The Northern Ireland Office managed to get it right with one of the other five orders—the Still Birth (Definition) (Northern Ireland) Order 1992 which came into operation on 1 October, the same day as the Still Birth (Definition) Act 1992. Of the other four orders, the Radioactive Material (Road Transport) Order 1992 came into operation on 12 April 1992 while the relevant Act, the Radioactive Material (Road Transport) Act 1991, came into force on 28 August 1991. The Home Loss Payments (Northern Ireland) Order 1992 came into operation on 5 August 1992 and the corresponding sections of the Planning and Compensation Act 1991—that is, sections 68 and 69—came into force on 25 September 1991. The Social Security (Mortgage Interest Payments) (Northern Ireland) Order came into operation on 11 June 1992 while the corresponding Act came into force on 16 March 1992. The Firearms (Amendment) (Northern Ireland) Order came into operation on 16 September and the corresponding Act on 16 March.

Respectively, those four orders had delays of nine, 11, three and six months, but it should have been simple to get them spot on. It may be said that it does not make much difference. Is it important that an order to vary the duration of a firearms certificate is available in Northern Ireland six months after the legislation applies in England? In some cases it does make a difference. If enabling mortgage interest to be paid directly to lenders was good, why should it be avaialble in Northern Ireland three months after it was available everywhere else? For 11 months people in Northern Ireland whose homes may have been compulsorily acquired could have received lower compensation by not benefiting during that period from the tenfold increase in the maximum home loss payments. Is that right? That deals with negative resolution orders.
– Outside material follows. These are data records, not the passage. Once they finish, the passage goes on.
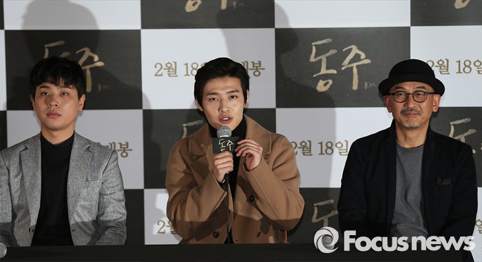 (서울=포커스뉴스) 28일 오후 서울 동대문 메가박스에서 열린 영화 '동주' 언론시사회에 참석한 배우 강하늘이 인사말을 하고 있다. 왼쪽부터 배우 박정민, 강하늘, 영화감독 이준익.
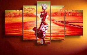 African Girl, Sunset Painting, Canvas Painting, African Woman Painting, 5 Piece Canvas Art, Abstract Wall Painting-Paintingforhome
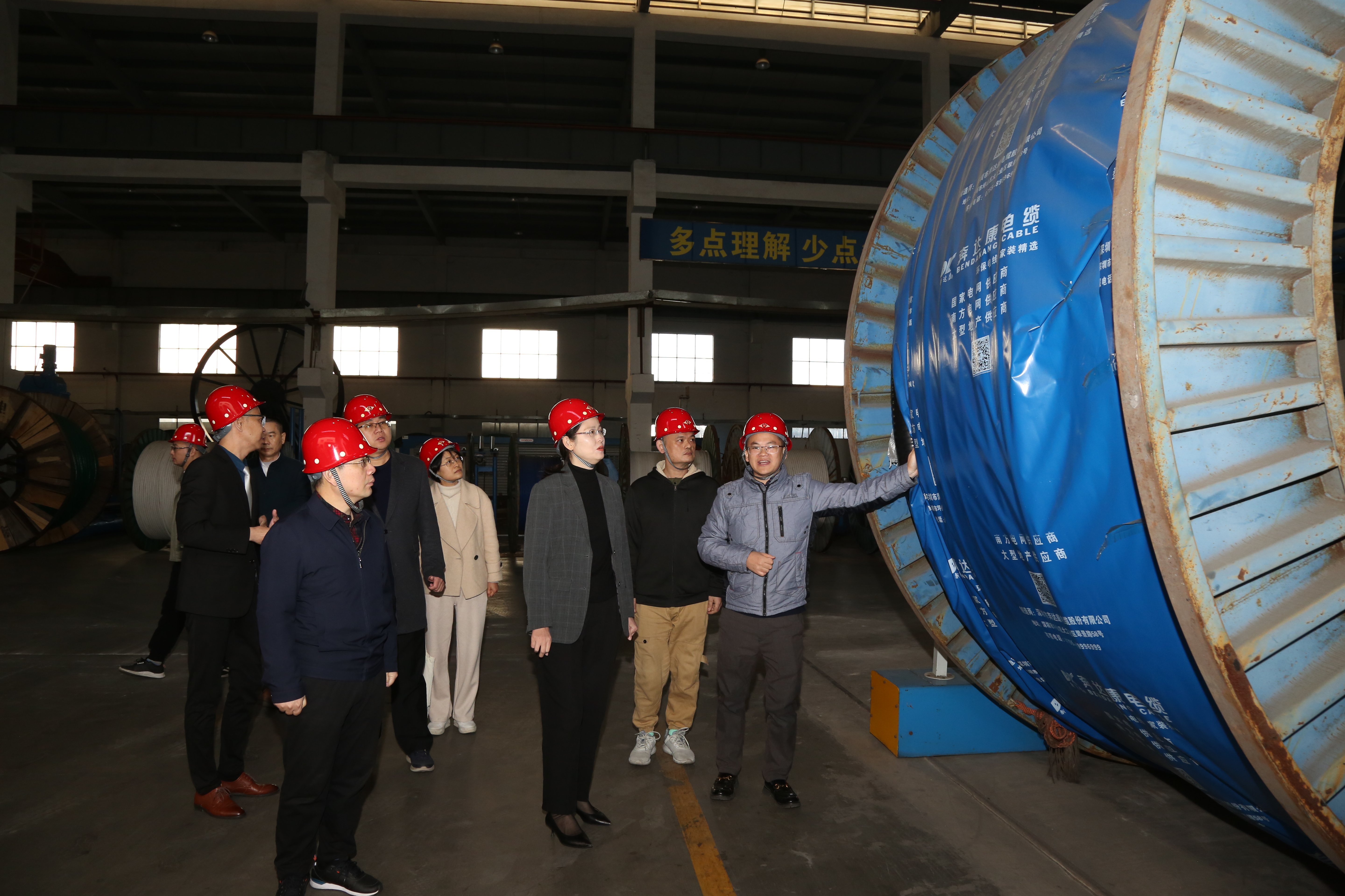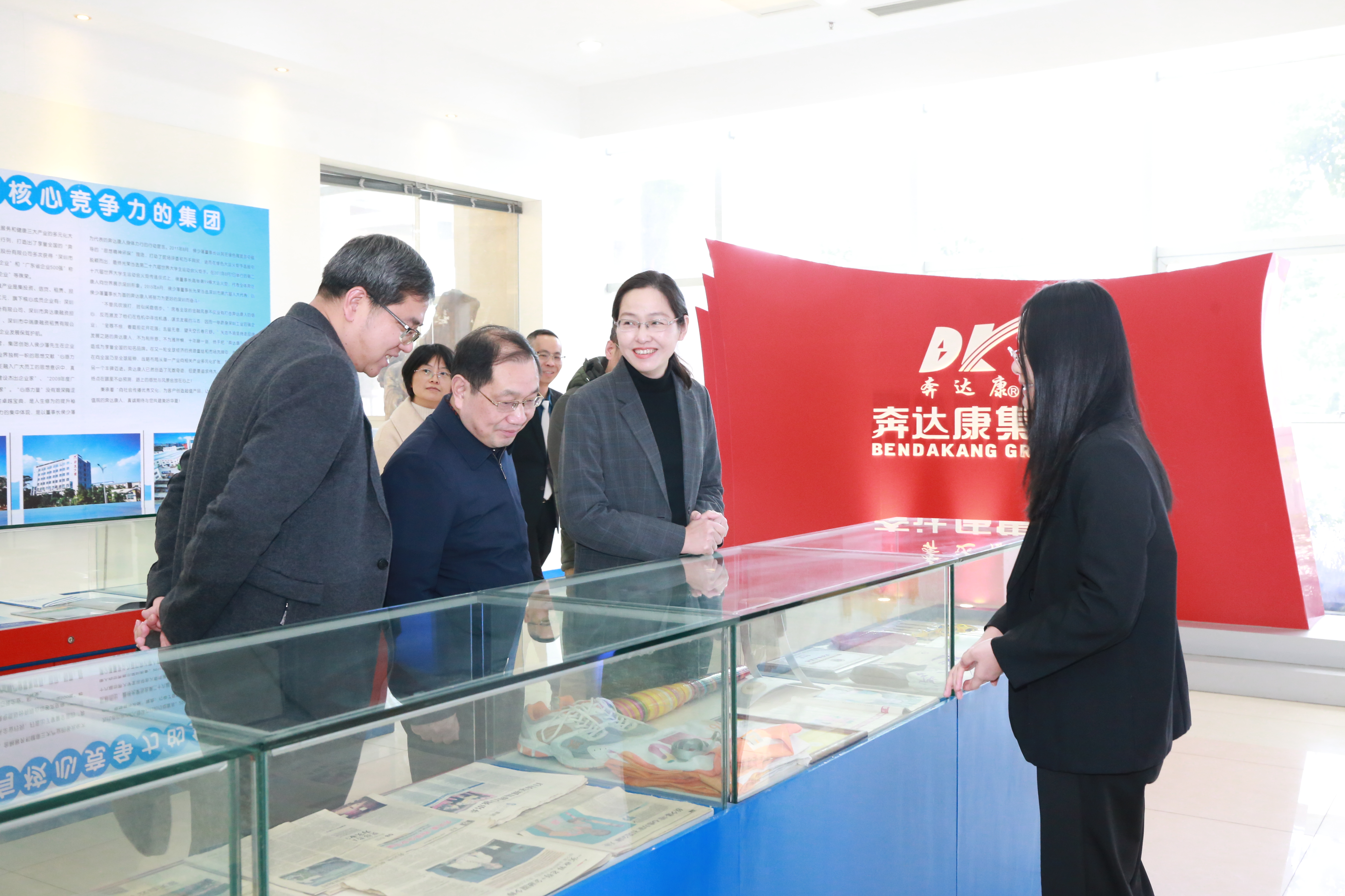 在集团领导的陪同下,甘雅芬副校长一行先后参观了“心感力量”文化墙、文化展厅、产品展厅、生产车间、检测大厅等,对奔达康集团的企业文化、产业架构、产品类型、实习生活动等加深了解。
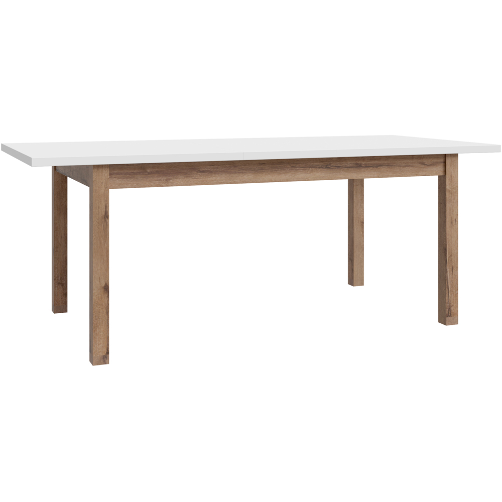 The Wensley dining table: a stylish and practical addition to any home. Its light grey and oak finish offers a contemporary look, perfect for modern living. Need extra seating? No problem! This extendable table easily expands to 207cm, comfortably seating up to eight. The clever, hidden insert makes extending a breeze. Durable ABS edging ensures lasting quality. When extended, it measures a generous 207cm x 90cm.
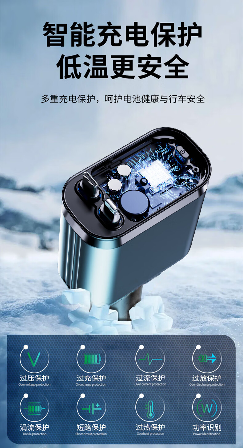 PSOOO汽车应急启动电源充气泵一体机适用于小米汽车载电瓶强起搭电宝多功能一体机紧急打火神器 【不限排量】送加粗夹
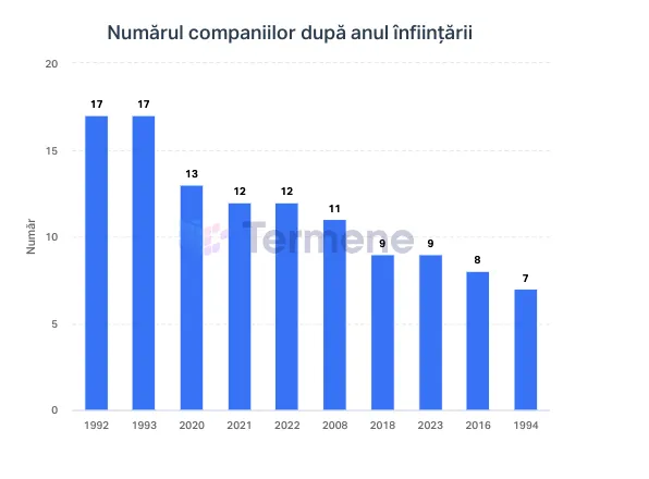 Din cele 205 firme înregistrate în Vânători-Neamț, cele mai multe sunt societăți înregistrate acum 22 și 21 de ani. Apetitul antreprenorilor de a deschide afaceri în această localitate a crescut însă în ultimii ani, după 2021.
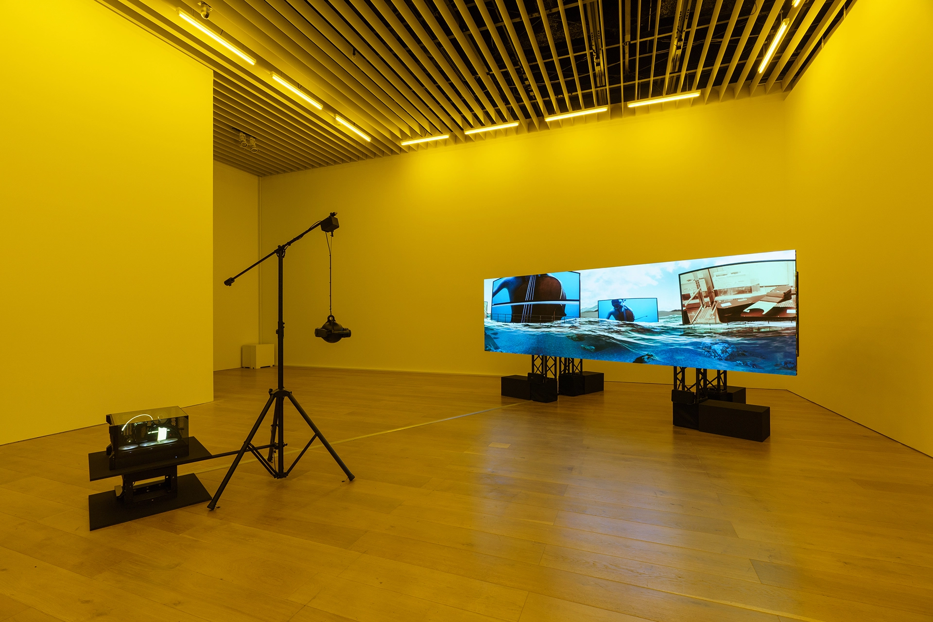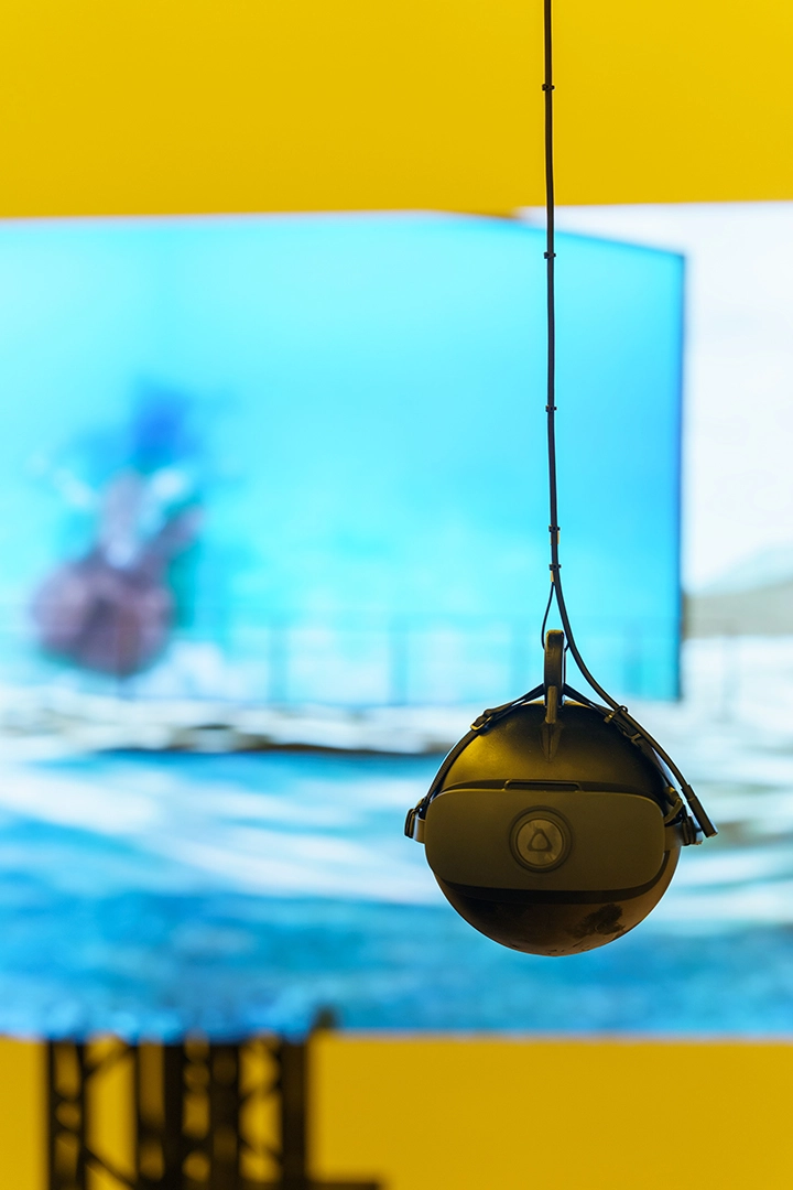 展覽裝置是由VR頭顯裝置、懸掛在空間中的浮球與電子螢幕所構成,浮球在空間中緩緩地晃動,這個運動軌跡連動了VR頭顯裝置當中的影像,這是由浮球動態所產生的運鏡,並投放在電子螢幕上,呈現了浮球的第一人稱視角,以及這段物質到數位的旅程。

Affirmative orders are subject to substantial delays, the worst of which occurred with the Children (Northern Ireland) Order. In the list that we received from the Secretary of State it was said that the purpose of that order was, to revise, harmonise and bring together the private and public law affecting children in a civil code along the lines of the Children Act 1989. That order has been on the Secretary of State's list since April 1991. At that time, it was described under the heading of proposals intended to be published before the end of the 1990–91 Session. In the letter of November 1991 it was under the heading of proposals intended to be published before the Easter recess and it was under the same heading in January 1992 and January 1993, although they were three different Easter recesses.

It is now four years since the passing of the equivalent English Act and 12 years since the Black report which reviewed the whole area. My hon. Friend the Member for Belfast, South (Rev. Martin Smyth) told me that when he first came to the House he pressed for a children Bill to be introduced. We have constantly pressed the matter but there has been a great delay. We are four years behind the Great Britain legislation. The Minister may say in defence that the Government have had difficulties fine-tuning the legislation for Northern Ireland and that they are still consulting various people. If they are, they are consulting secretly, because there has been no consultation with political parties and no local political input or discussion. Against that background, one must ask whether there is any effective ministerial push.

Another bad case relates to environmental protection. There was legislation for Great Britain in 1990 and a useful Select Committee report pressed for something to be done. There was reference in November 1991 to an integrated pollution control and control of air pollution measure, but that disappeared from the lists. In recent lists there has been reference to litter, with an instrument to replicate for Northern Ireland the provisions of the Environmental Protection Act 1990 which relate to litter. It has been cut down from the full scope of the 1990 Act to that small bit, but three years later we still do not have it.

Another example with an environmental element concerns agriculture. In the April 1991 list there was reference to the Agriculture (Miscellaneous Provisions) Order and we were told that that was to extend and rationalise existing legislation, for example, to ensure a reasonable balance of interests between the agriculture industry and the maintenance of rural areas in general. There was a sort of conservation element there. It was listed for publication before the end of the 1990–91 session, but it disappeared from view. In 1993, the lists again refer to that order, but it is now described as being to replicate for Northern Ireland the provisions of section 17 of the Agriculture Act 1986 by requiring the Minister to take into account certain matters such as conservation; to allow grants for the purpose of encouraging rural development". The purpose seems to have changed by going back to an Act of 1986, for which we do not have an equivalent in Northern Ireland. Again, there was a delay of seven years.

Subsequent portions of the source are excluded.